Sometimes, it really is all about what you can do with it.
According to GlobalSecurity.org, these improvements provide expanded capabilities, particularly in littoral waters, for covert intelligence collection and surveillance, and covert insertion and support of Special Forces. This is especially apropos for both the SSGN Tactical Trident special operations subs and the Virginia class, which also has special forces insertion capabilities. Expanded capabilities for anti-submarine warfare were focused on diesel-electric submarines, covert mining, and covert strike of targets ashore. Again, covery strile of targets ashore is also a prominent part of the SSGN and Virginia Class’ missions.
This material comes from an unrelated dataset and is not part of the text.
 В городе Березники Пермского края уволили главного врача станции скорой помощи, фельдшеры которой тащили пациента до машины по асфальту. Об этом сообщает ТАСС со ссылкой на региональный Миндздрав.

Moore’s Law matters – according to the US Navy, a single A-RCI Multi-Purpose Processor (MPP) has as much computing power as the entire Los Angeles (SSN-688/688I) submarine fleet combined, and allows the development and use of complex algorithms previously beyond the reach of legacy processors. Specific software improvements included passive ranging, spatial vernier processing, full spectrum processing, dual towed array concurrent processing, low frequency active interference rejection, passive broadband, passive narrowband and passive detection and tracking processing, track management, on-board training, and port/starboard ambiguity resolution.
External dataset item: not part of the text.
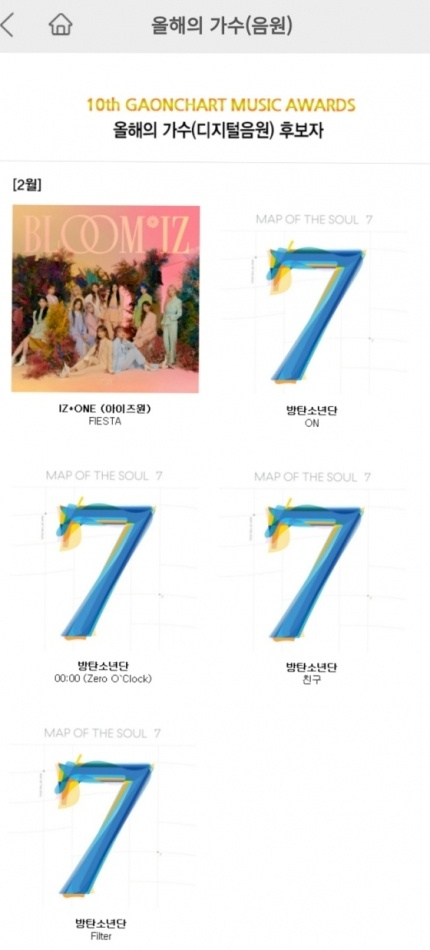 2020년 결산 가온 차트에서 보이 그룹 모든 솔로곡 가운데 1위를 했던 지민의 솔로곡 'Filter'(필터)는 다음해 제10회 가온차트 뮤직어워즈에서 '올해의 가수상 디지털 음원 부문'에서 '2월 음원상' 후보에 지민의 첫 프로듀싱곡 '친구'와 함께 'Filter'가 올라 방탄소년단 4곡중 2곡을 지민이 차지하며 후보중 유일한 솔로곡 기록까지, 대단한 인기를 입증했다.

A-RCI’s open architecture confers other advantages as well, notably the capacity for faster, more economical, and more frequent hardware and/or software upgrades. The program expanded to provide improvements that could be back-fit into all nuclear attack (SSN) and ballistic missile (SSBN) submarines, totaling over 60 ship sets. The system is now known formally as the AN/BQQ-10 (V) Sonar, and has gone through four phases.
Lockheed Martin will produce two AN/BQQ-10(V) sonar system spares for SSGN Tactical Trident submarines, plus one full AN/BQQ-10(V4) system and economic order quantity material for two more for SSN-774 Virginia Class submarines. Work on this contract will be performed in Manassas, VA (44%); Portsmouth, RI (26%); Clearwater, FL (17%); Chantilly, VA (4%); Syracuse, NY (3%); Chelmsford, MA (2%); St. Louis, MO (2%); and Houston, TX (2%), and is expected to be complete by March 2008. The Naval Sea Systems Command, Washington, D.C issued the contract.